### Problem details
Set down the entries that follow exactly as written, leaving out any images.

### Provided records

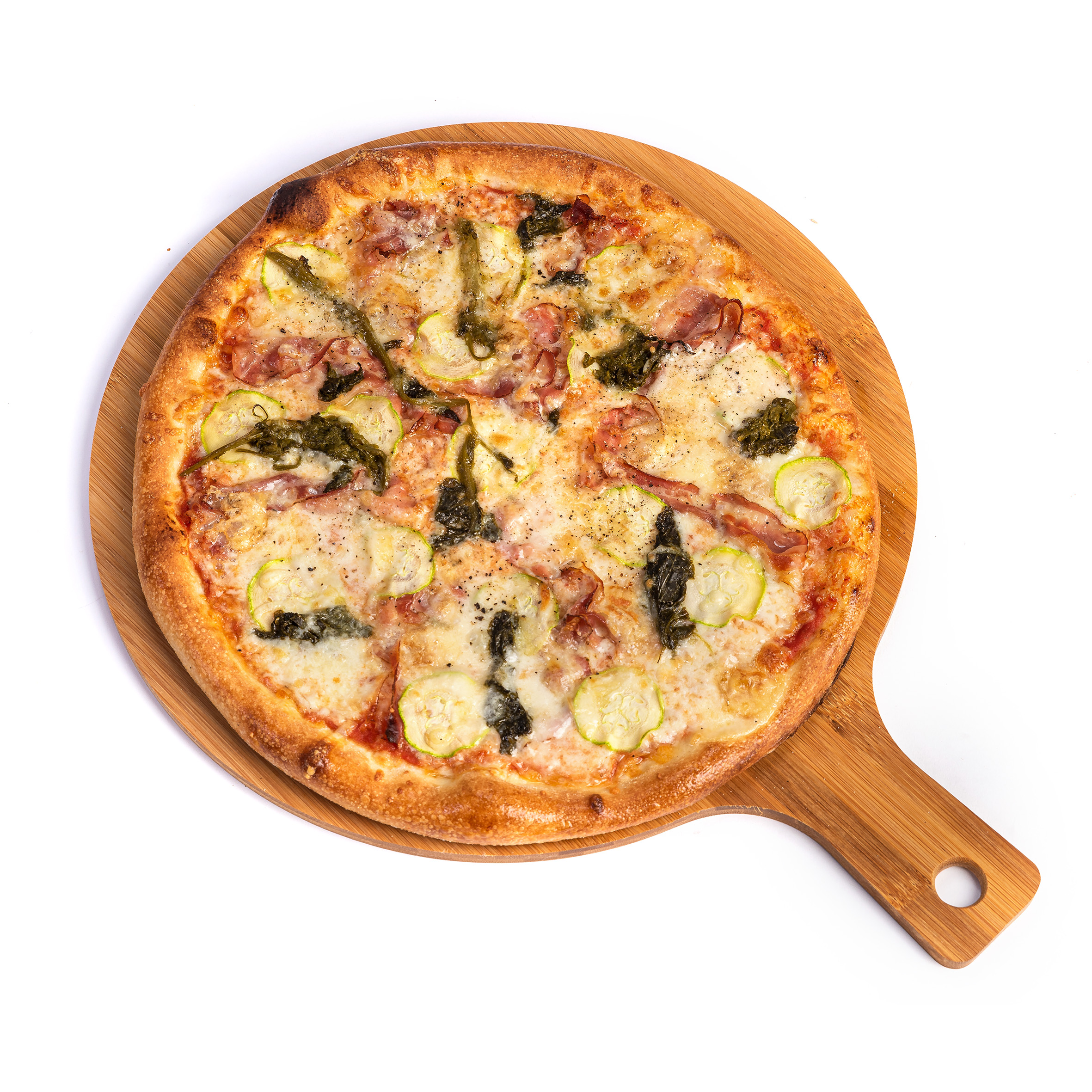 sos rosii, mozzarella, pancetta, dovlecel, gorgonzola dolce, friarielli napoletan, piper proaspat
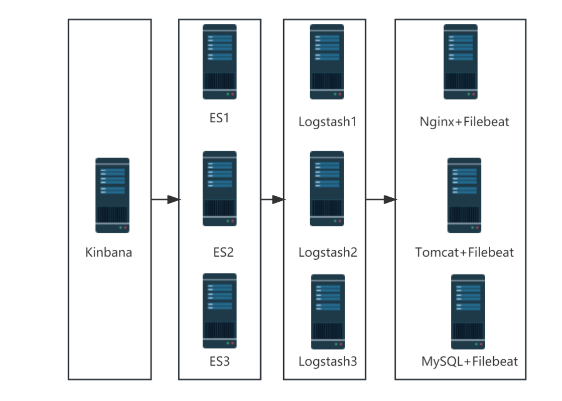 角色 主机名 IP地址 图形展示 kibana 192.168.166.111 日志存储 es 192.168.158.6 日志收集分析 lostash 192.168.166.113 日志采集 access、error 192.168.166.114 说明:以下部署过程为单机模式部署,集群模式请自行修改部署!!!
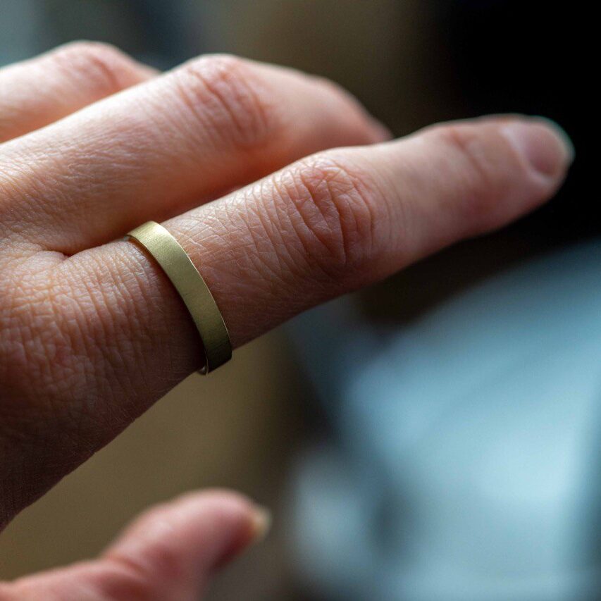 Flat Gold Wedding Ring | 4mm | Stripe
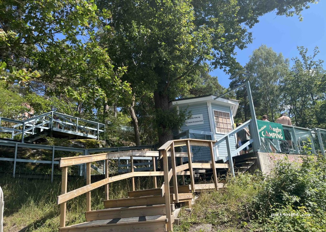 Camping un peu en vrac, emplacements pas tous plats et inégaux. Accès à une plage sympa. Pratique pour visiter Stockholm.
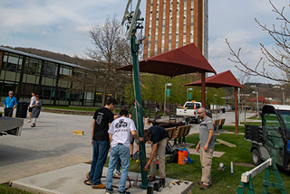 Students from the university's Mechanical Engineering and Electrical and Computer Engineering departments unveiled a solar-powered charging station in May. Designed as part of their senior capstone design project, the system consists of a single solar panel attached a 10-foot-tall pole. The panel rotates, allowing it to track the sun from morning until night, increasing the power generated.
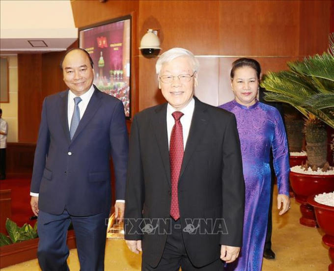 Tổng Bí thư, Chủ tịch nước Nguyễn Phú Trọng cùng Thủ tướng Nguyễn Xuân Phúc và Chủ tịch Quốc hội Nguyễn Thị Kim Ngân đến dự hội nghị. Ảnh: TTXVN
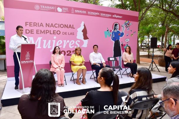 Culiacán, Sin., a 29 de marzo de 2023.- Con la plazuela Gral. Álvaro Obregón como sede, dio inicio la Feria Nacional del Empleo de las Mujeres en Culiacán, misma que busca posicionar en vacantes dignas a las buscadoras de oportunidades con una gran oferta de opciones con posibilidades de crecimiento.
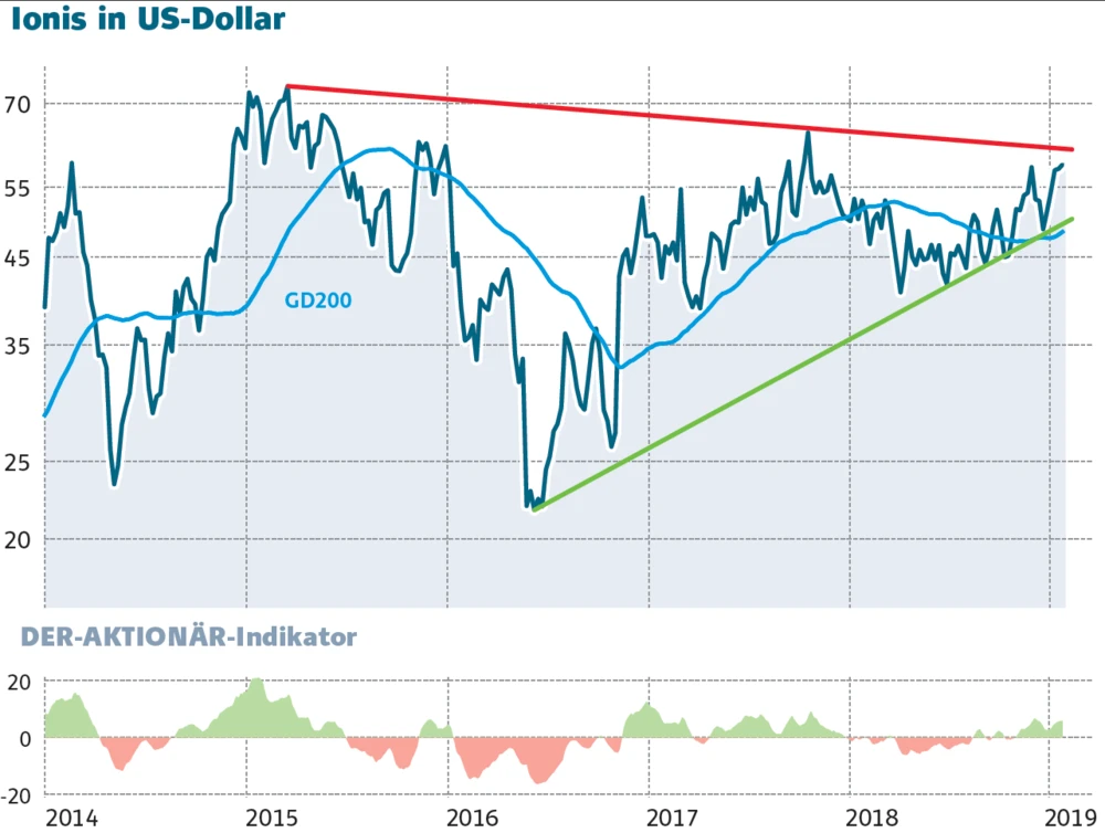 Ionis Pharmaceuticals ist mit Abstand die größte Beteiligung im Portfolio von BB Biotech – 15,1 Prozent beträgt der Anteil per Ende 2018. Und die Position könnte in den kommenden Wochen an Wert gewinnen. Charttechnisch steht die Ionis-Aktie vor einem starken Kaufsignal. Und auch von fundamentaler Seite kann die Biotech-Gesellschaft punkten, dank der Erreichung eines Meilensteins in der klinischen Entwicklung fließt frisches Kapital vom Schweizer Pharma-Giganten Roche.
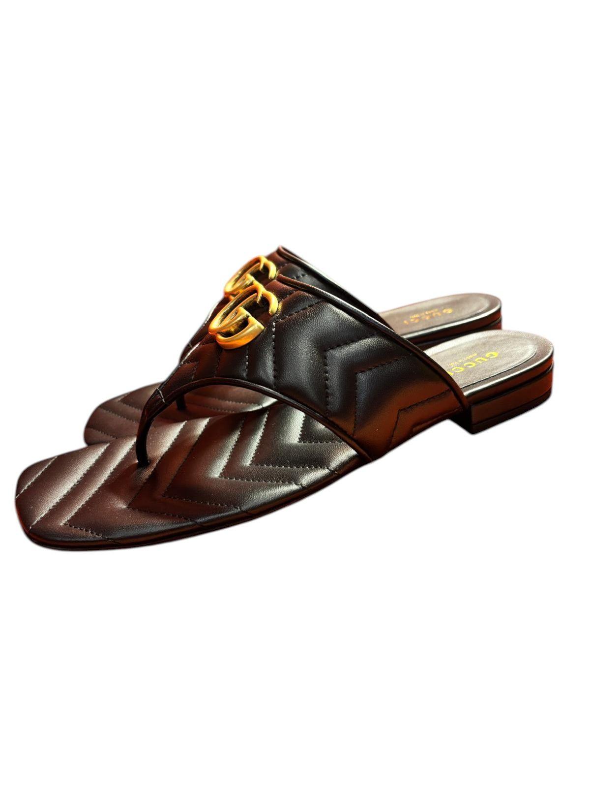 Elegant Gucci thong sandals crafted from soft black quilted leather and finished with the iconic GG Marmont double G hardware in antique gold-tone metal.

### Task solution
 sos rosii, mozzarella, pancetta, dovlecel, gorgonzola dolce, friarielli napoletan, piper proaspat
 角色 主机名 IP地址 图形展示 kibana 192.168.166.111 日志存储 es 192.168.158.6 日志收集分析 lostash 192.168.166.113 日志采集 access、error 192.168.166.114 说明:以下部署过程为单机模式部署,集群模式请自行修改部署!!!
 Flat Gold Wedding Ring | 4mm | Stripe
 Camping un peu en vrac, emplacements pas tous plats et inégaux. Accès à une plage sympa. Pratique pour visiter Stockholm.
 Students from the university's Mechanical Engineering and Electrical and Computer Engineering departments unveiled a solar-powered charging station in May. Designed as part of their senior capstone design project, the system consists of a single solar panel attached a 10-foot-tall pole. The panel rotates, allowing it to track the sun from morning until night, increasing the power generated.
 Tổng Bí thư, Chủ tịch nước Nguyễn Phú Trọng cùng Thủ tướng Nguyễn Xuân Phúc và Chủ tịch Quốc hội Nguyễn Thị Kim Ngân đến dự hội nghị. Ảnh: TTXVN
 Culiacán, Sin., a 29 de marzo de 2023.- Con la plazuela Gral. Álvaro Obregón como sede, dio inicio la Feria Nacional del Empleo de las Mujeres en Culiacán, misma que busca posicionar en vacantes dignas a las buscadoras de oportunidades con una gran oferta de opciones con posibilidades de crecimiento.
 Ionis Pharmaceuticals ist mit Abstand die größte Beteiligung im Portfolio von BB Biotech – 15,1 Prozent beträgt der Anteil per Ende 2018. Und die Position könnte in den kommenden Wochen an Wert gewinnen. Charttechnisch steht die Ionis-Aktie vor einem starken Kaufsignal. Und auch von fundamentaler Seite kann die Biotech-Gesellschaft punkten, dank der Erreichung eines Meilensteins in der klinischen Entwicklung fließt frisches Kapital vom Schweizer Pharma-Giganten Roche.
 Elegant Gucci thong sandals crafted from soft black quilted leather and finished with the iconic GG Marmont double G hardware in antique gold-tone metal.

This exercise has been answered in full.